= Kathryn North =

Australian paediatric physician, neurologist, and clinical geneticist

Kathryn Nance North is a paediatric physician, neurologist, and clinical geneticist. In 2013, she was appointed Director of the Murdoch Children's Research Institute and was named the David Danks Professor of Child Health Research at the University of Melbourne. In 2012, North was appointed chair of the National Health and Medical Research Council Research Committee. In 2014, she was appointed vice chair of the Global Alliance for Genomics and Health (GA4GH) and co-chair of its Clinical Working Group.

North received a doctorate in neurogenetics in 1994 from University of Sydney and later completed a postdoctoral fellowship in the Genetics Program at Harvard Medical School. North's laboratory research is focused on the molecular and genetic basis of inherited muscle disorders including muscular dystrophies and congenital myopathies, and of elite athletic performance. Her clinical research is focused on cognitive deficits in neurofibromatosis type 1 and intervention strategies for children with learning disabilities and inherited myopathies.

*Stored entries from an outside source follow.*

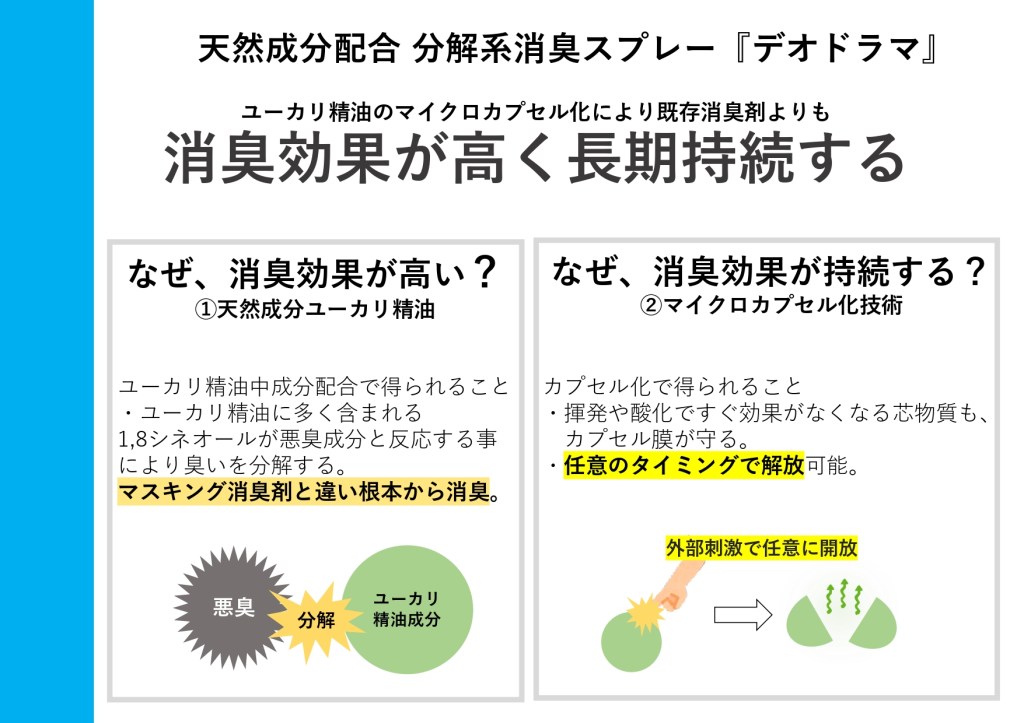 次に、消臭スプレーと冷感スプレーについてお話しします。当社の「デオドラマ」は、ユーカリ精油のマイクロカプセル化によって、既存の消臭剤よりも高い効果と持続性を実現しています。ユーカリ精油に含まれる18シネオールが、悪臭成分を分解・中和し、根本から消臭します。また、カプセル化によって揮発や酸化から精油を守り、任意のタイミングで効果を発揮できます。
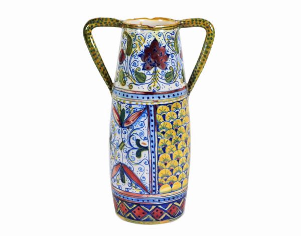 Brocca a due anse in maiolica lustrata di Gualdo Tadino
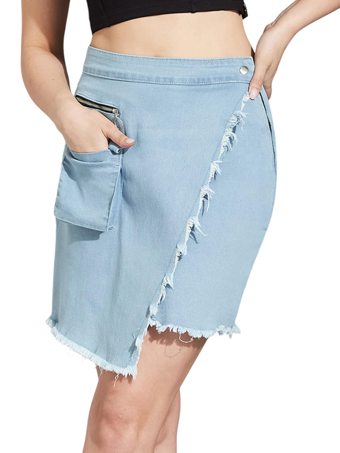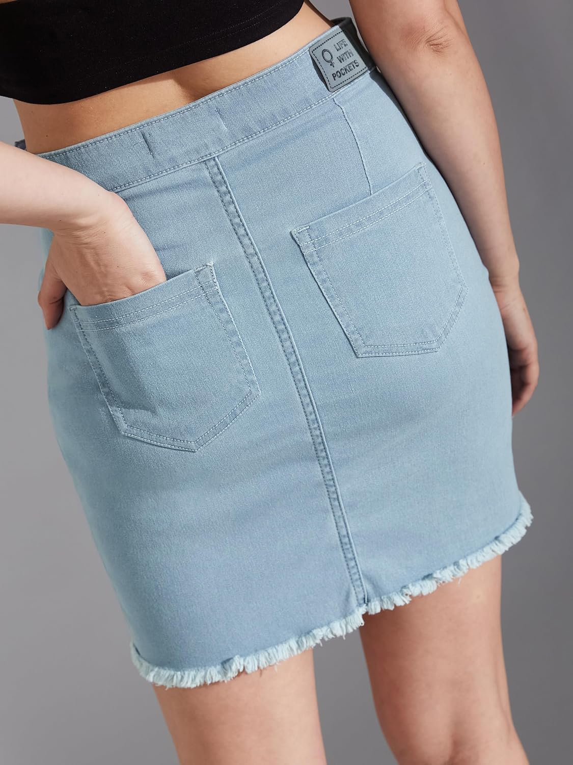 Miss Chase Women’s Light Blue Regular High Rise Clean Look Above Knee Stretchable Denim Skirt
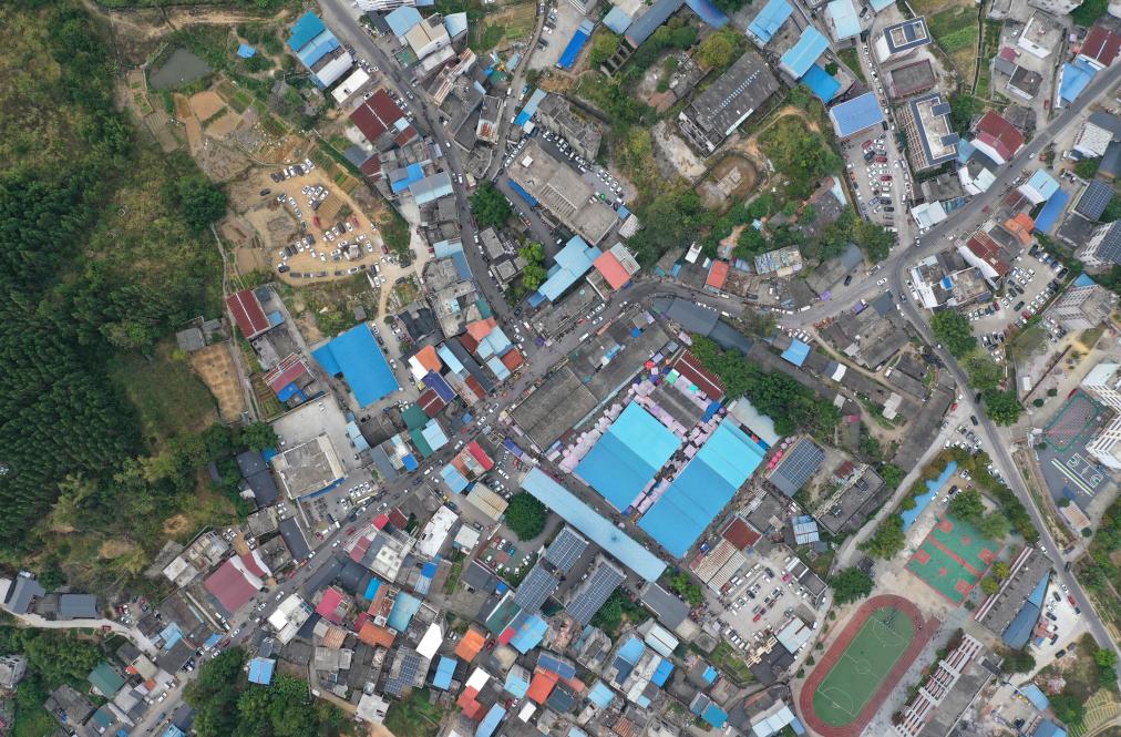 柳州市柳江區成團鎮農貿市場周邊停滿了早市食客的汽車(無人機照片,11月20日攝)。
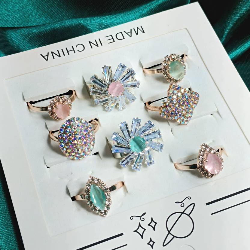 Combo Of 8 Colorful Rhinestone Ring for girls Adjustable Finger Ring For Women Fashion Bulk Rings design
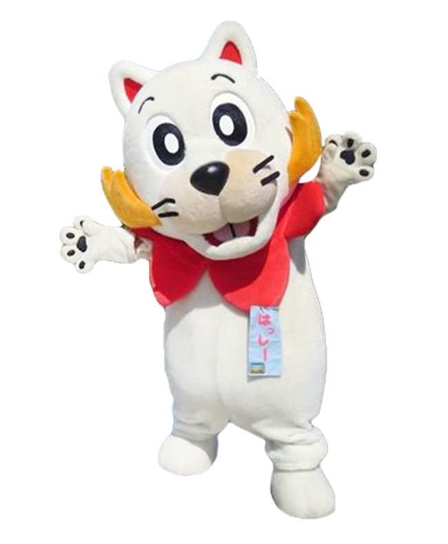 広島県産の赤いもみじの前かけと山口県産のみかん色のタテガミが特徴のはっしーは、意外とおじさん?でおいしい食べ物とお酒が大好き♪

North was appointed a member of the Order of Australia (AM) in 2012 for "service to medicine in the field of neuromuscular and neurogenetics research, paediatrics and child health as a clinician and academic, and to national and international professional associations"(2012). She was promoted to Companion of the Order of Australia (AC) in 2019 for "eminent service to genomic medicine nationally and internationally, to medical research in the fields of genetics, neurology and child health, and as a mentor and role model." She was elected a Fellow of the Australian Academy of Health and Medical Sciences in 2014. In 2017, she was awarded an honorary Doctor of Medical Science from the University of Melbourne. In 2026, she was elected a Fellow of the Academy of Medical Sciences.